Data shown:
= = = = = = =
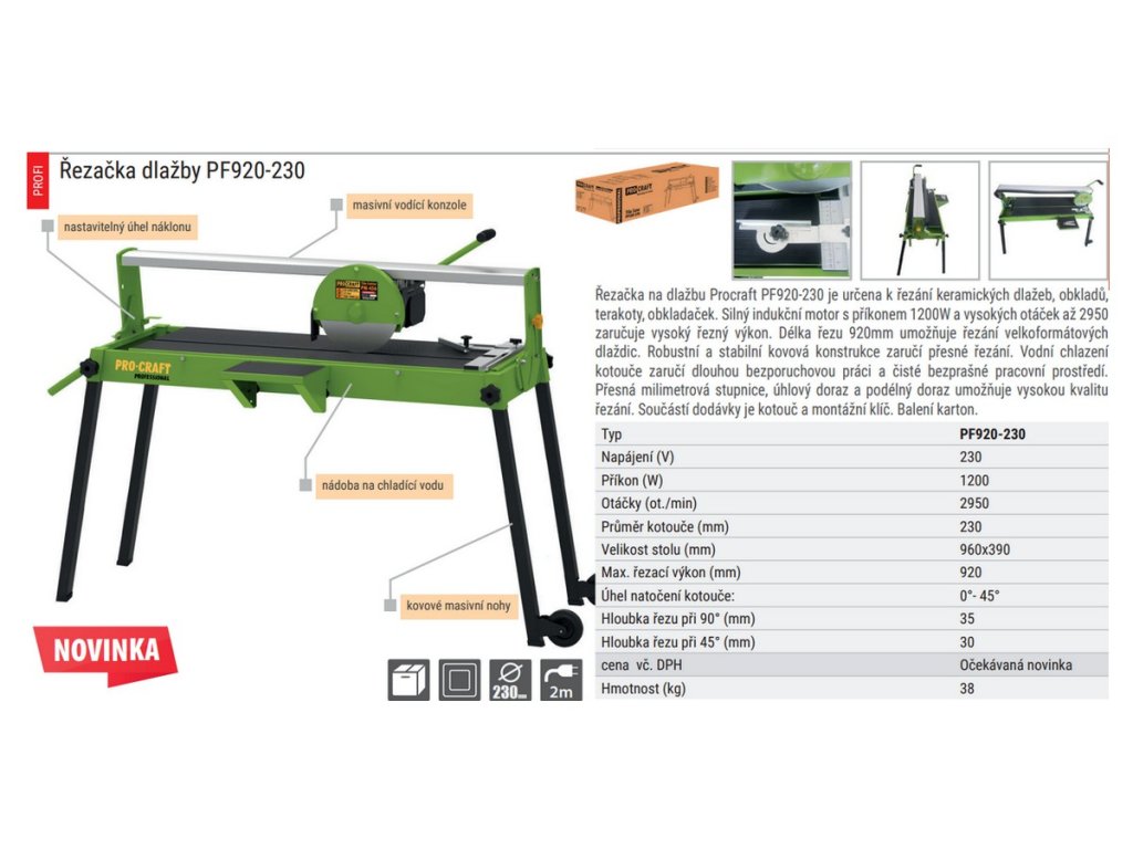 Pri štandardnom nastavení pod uhlom 90° dosahuje maximálna hĺbka rezu hodnotu 35 mm, čo postačuje pre väčšinu bežných dlažieb a obkladov. - Obsahuje balenie rezačky PROCRAFT PF920-230 aj rezný kotúč?
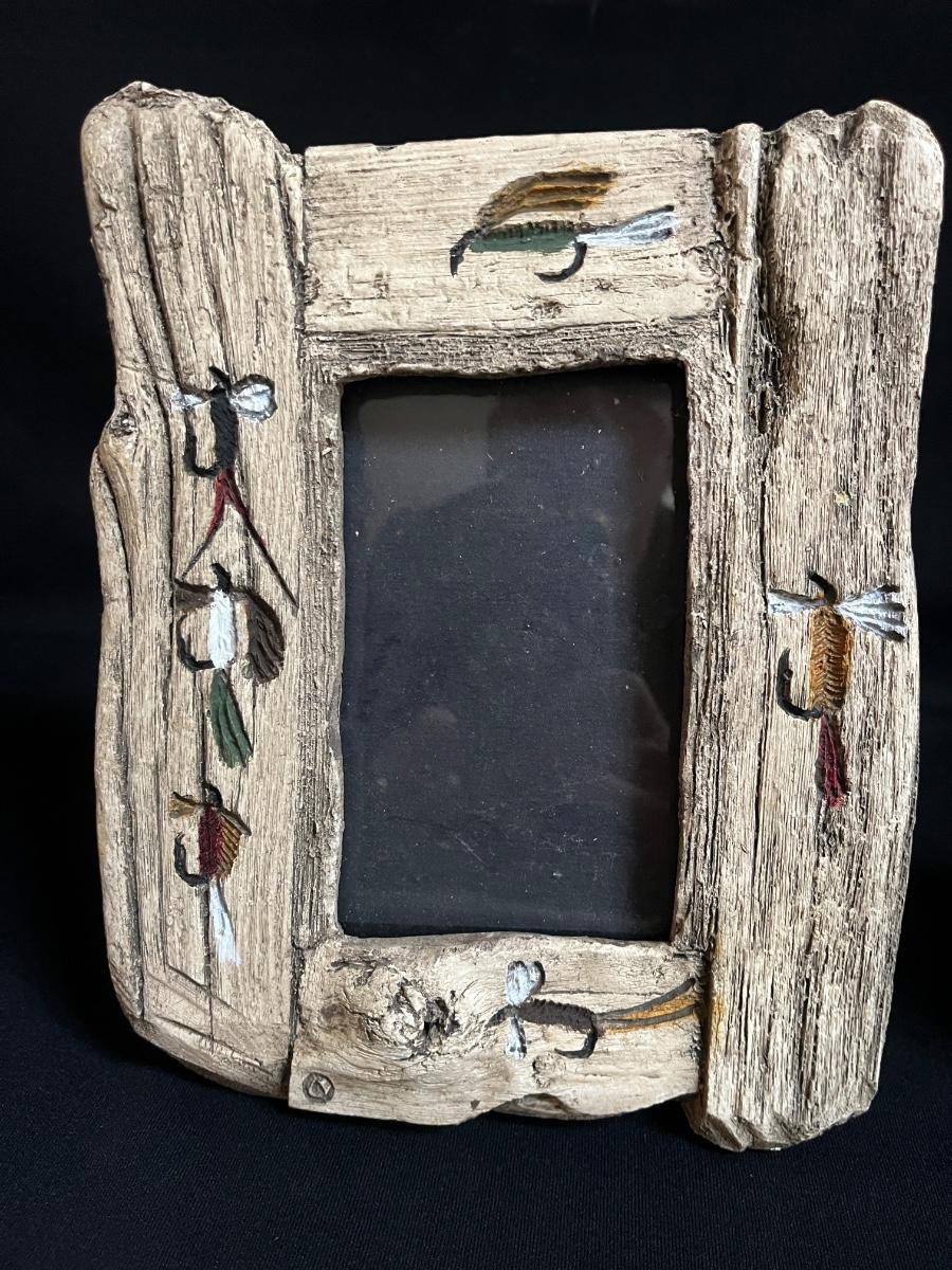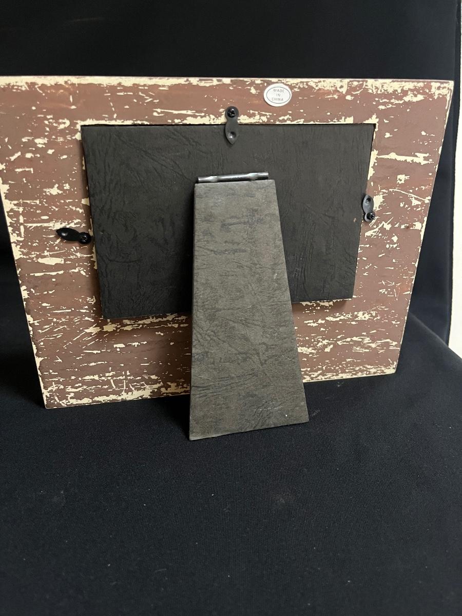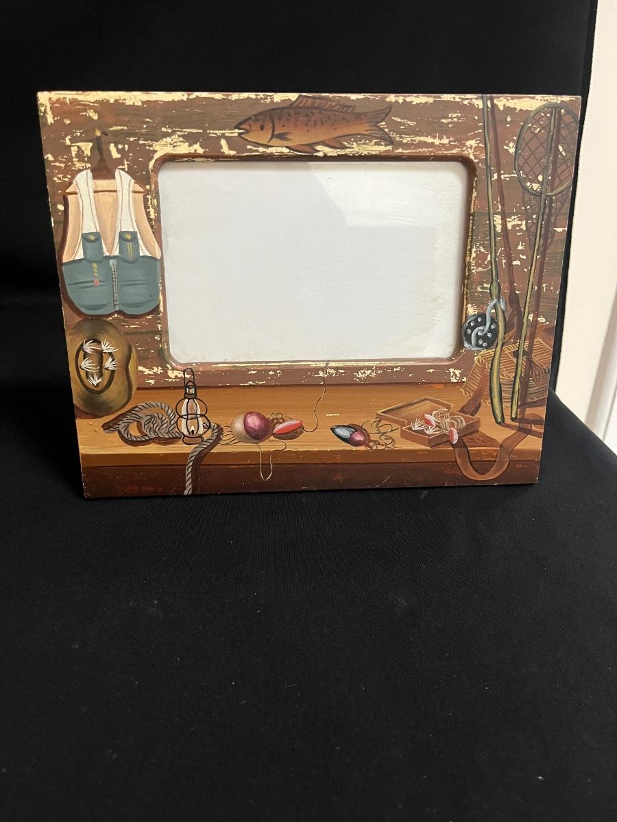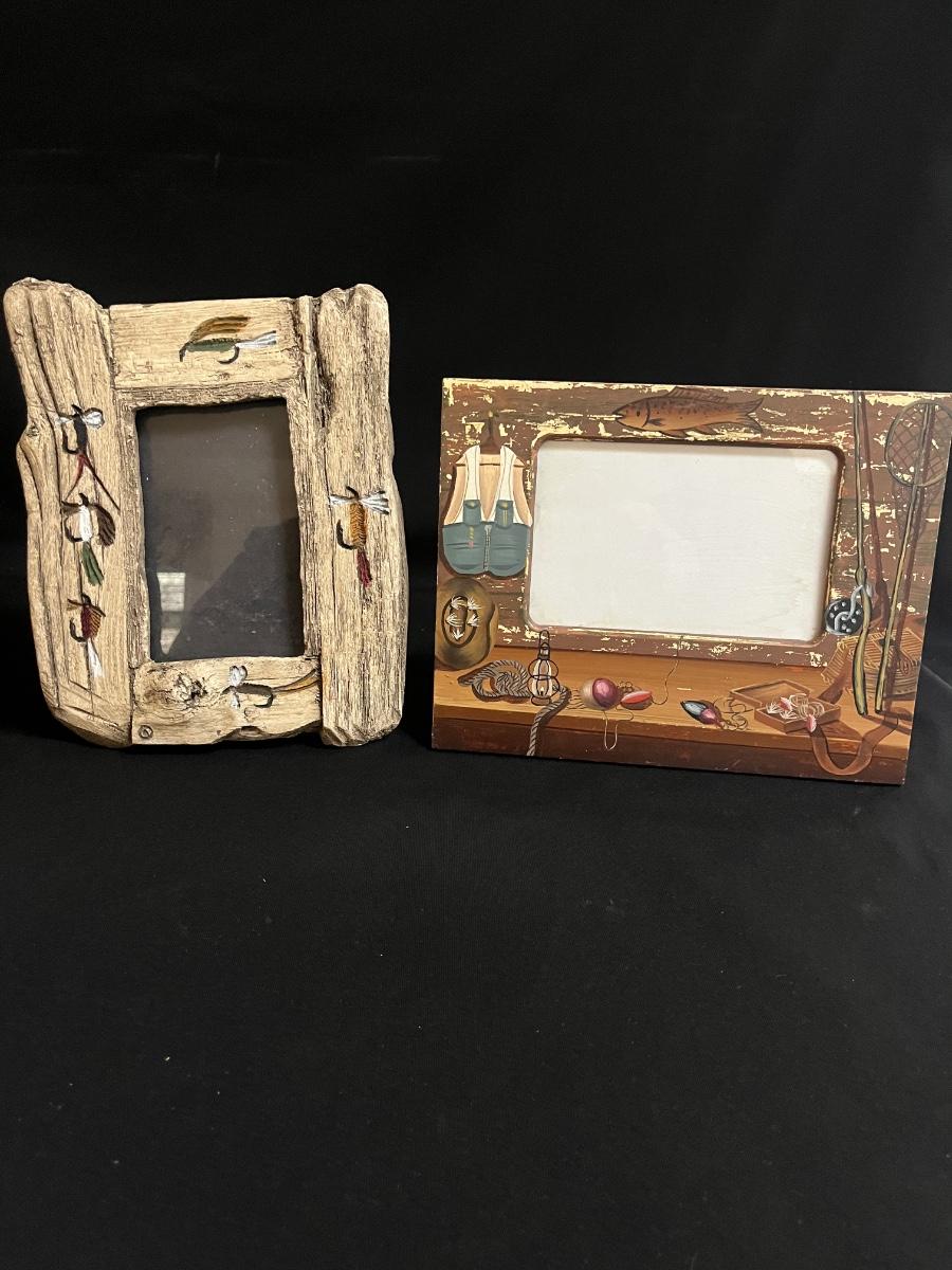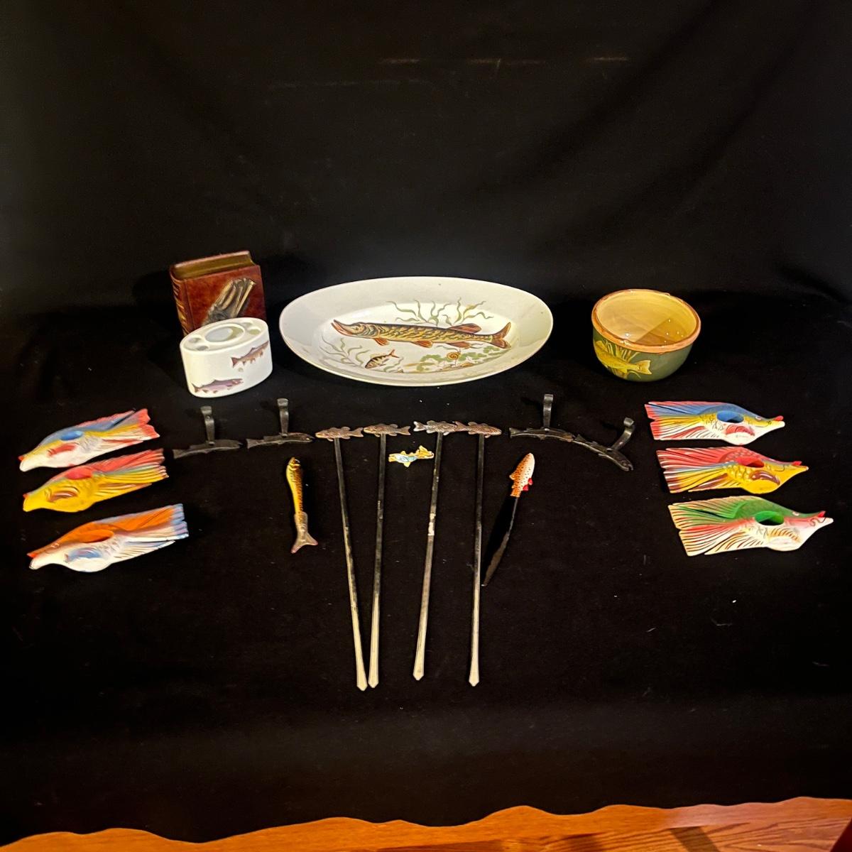 Lot includes platter, ceramic toothbrush holder, six napkin rings, four skewers, four wall mounted hooks, bowl, book shaped box and more. Platter measures 10” x 14” x 2.25”H. Also includes a resin and wood picture frames with the largest measuring 7.5” x 9.5”.
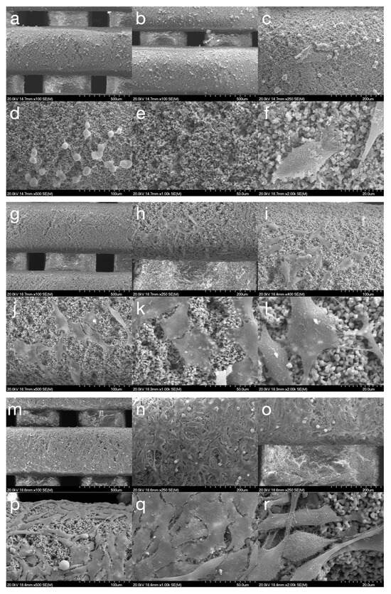Scanning electron microscopy analysis of MG-63 cells co-cultured with HAsint scaffolds. Representative micrographs captured at (a–f) 24 h, (g–l) 72 h, and (m–r) 7 days post-seeding, shown at magnifications ranging from ×50 to ×2000. MG-63 cells demonstrated a progressive morphological adaptation to the scaffold surface, with a distinct transition to spindle-shaped morphology first observed at 72 h post-seeding.
= = = = = = =
Your instructions:
Extract the full listing above verbatim; pictures are to be left out of the copy.

Exercise response:
 Pri štandardnom nastavení pod uhlom 90° dosahuje maximálna hĺbka rezu hodnotu 35 mm, čo postačuje pre väčšinu bežných dlažieb a obkladov. - Obsahuje balenie rezačky PROCRAFT PF920-230 aj rezný kotúč?
 Lot includes platter, ceramic toothbrush holder, six napkin rings, four skewers, four wall mounted hooks, bowl, book shaped box and more. Platter measures 10” x 14” x 2.25”H. Also includes a resin and wood picture frames with the largest measuring 7.5” x 9.5”.
Scanning electron microscopy analysis of MG-63 cells co-cultured with HAsint scaffolds. Representative micrographs captured at (a–f) 24 h, (g–l) 72 h, and (m–r) 7 days post-seeding, shown at magnifications ranging from ×50 to ×2000. MG-63 cells demonstrated a progressive morphological adaptation to the scaffold surface, with a distinct transition to spindle-shaped morphology first observed at 72 h post-seeding.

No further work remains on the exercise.